* **PROBLEM TO WORK ON**
Once you find the line containing "La etajele superioare" in the data below, copy it and each following line exactly, up to and including the line containing "新华网辽宁频道6月23日消息 6月23日,农民演员在艺术节开幕式上表演。", and nothing else.

* **TASK MATERIAL**
────────────────────────────────────────

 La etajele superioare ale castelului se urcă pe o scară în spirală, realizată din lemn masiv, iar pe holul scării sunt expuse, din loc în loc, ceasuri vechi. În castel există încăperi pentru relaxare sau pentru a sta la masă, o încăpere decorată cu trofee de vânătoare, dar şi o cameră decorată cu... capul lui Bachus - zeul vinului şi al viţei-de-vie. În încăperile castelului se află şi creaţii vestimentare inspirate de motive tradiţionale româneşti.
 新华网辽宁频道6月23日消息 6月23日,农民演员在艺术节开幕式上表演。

────────────────────────────────────────

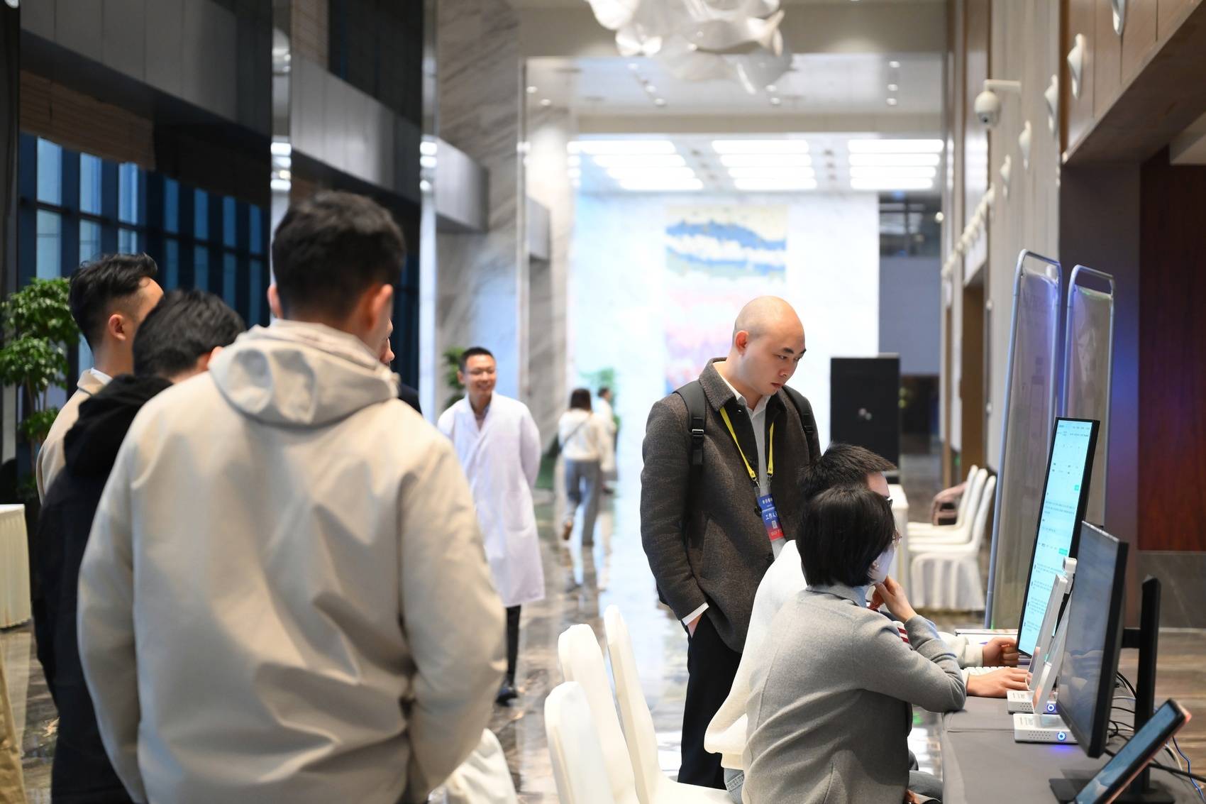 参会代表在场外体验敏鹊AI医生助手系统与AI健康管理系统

────────────────────────────────────────

* **OUTPUT BELOW**
 La etajele superioare ale castelului se urcă pe o scară în spirală, realizată din lemn masiv, iar pe holul scării sunt expuse, din loc în loc, ceasuri vechi. În castel există încăperi pentru relaxare sau pentru a sta la masă, o încăpere decorată cu trofee de vânătoare, dar şi o cameră decorată cu... capul lui Bachus - zeul vinului şi al viţei-de-vie. În încăperile castelului se află şi creaţii vestimentare inspirate de motive tradiţionale româneşti.
 新华网辽宁频道6月23日消息 6月23日,农民演员在艺术节开幕式上表演。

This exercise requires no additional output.